*** Begin section ***

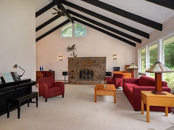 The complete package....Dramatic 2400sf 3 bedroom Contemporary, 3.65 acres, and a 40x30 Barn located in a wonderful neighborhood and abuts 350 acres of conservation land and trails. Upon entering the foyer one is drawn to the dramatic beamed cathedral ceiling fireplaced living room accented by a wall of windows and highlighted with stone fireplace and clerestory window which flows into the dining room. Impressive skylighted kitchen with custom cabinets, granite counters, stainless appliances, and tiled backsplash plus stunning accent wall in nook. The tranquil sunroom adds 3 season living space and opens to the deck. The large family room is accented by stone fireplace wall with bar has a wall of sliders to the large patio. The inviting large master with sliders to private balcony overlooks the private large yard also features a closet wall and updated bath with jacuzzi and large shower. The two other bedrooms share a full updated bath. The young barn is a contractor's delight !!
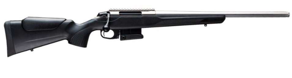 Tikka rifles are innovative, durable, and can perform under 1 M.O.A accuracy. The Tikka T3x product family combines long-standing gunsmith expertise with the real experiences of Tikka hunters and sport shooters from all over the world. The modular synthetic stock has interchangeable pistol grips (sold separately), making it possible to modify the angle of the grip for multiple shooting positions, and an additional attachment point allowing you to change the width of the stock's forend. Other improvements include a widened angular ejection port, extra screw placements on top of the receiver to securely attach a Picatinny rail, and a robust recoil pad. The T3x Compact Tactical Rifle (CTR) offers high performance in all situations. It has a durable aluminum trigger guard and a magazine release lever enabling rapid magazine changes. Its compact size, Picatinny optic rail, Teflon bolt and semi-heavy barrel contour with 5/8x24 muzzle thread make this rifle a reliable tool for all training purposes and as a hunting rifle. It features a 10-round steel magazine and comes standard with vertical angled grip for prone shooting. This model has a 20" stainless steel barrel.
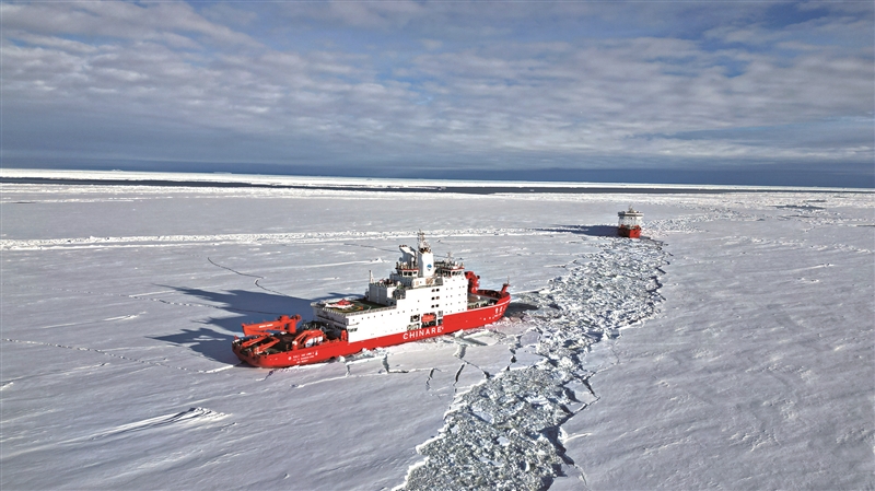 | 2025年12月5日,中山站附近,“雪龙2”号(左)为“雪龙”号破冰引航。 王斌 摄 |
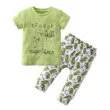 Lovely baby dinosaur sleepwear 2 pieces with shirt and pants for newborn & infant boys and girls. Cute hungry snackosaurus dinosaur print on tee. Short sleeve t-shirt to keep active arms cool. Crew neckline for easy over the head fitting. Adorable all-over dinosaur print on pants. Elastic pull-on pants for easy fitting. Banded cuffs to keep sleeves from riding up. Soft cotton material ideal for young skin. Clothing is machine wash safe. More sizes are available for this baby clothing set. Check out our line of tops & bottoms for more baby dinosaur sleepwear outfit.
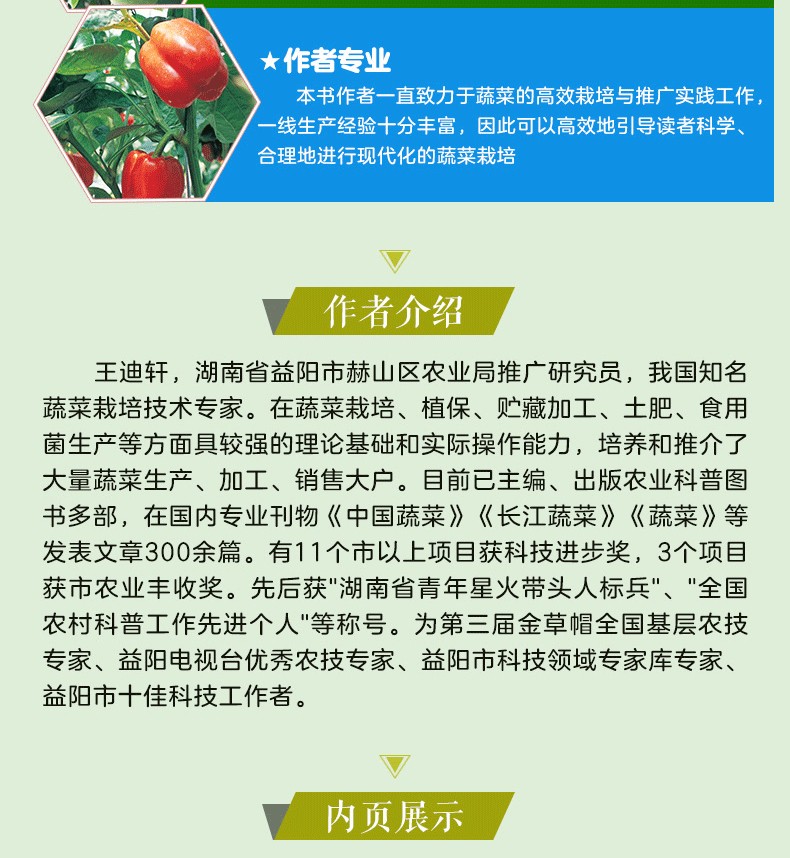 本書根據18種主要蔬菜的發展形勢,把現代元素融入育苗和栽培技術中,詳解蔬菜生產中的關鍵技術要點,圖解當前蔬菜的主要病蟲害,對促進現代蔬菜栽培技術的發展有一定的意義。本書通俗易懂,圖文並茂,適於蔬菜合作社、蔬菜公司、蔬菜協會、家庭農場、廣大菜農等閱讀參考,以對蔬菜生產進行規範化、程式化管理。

*** End section ***

Everything from the line holding "Lovely baby dinosaur" through the last line of the listing should be written out exactly, except for the pictures.

Output of the task:
 Lovely baby dinosaur sleepwear 2 pieces with shirt and pants for newborn & infant boys and girls. Cute hungry snackosaurus dinosaur print on tee. Short sleeve t-shirt to keep active arms cool. Crew neckline for easy over the head fitting. Adorable all-over dinosaur print on pants. Elastic pull-on pants for easy fitting. Banded cuffs to keep sleeves from riding up. Soft cotton material ideal for young skin. Clothing is machine wash safe. More sizes are available for this baby clothing set. Check out our line of tops & bottoms for more baby dinosaur sleepwear outfit.
 本書根據18種主要蔬菜的發展形勢,把現代元素融入育苗和栽培技術中,詳解蔬菜生產中的關鍵技術要點,圖解當前蔬菜的主要病蟲害,對促進現代蔬菜栽培技術的發展有一定的意義。本書通俗易懂,圖文並茂,適於蔬菜合作社、蔬菜公司、蔬菜協會、家庭農場、廣大菜農等閱讀參考,以對蔬菜生產進行規範化、程式化管理。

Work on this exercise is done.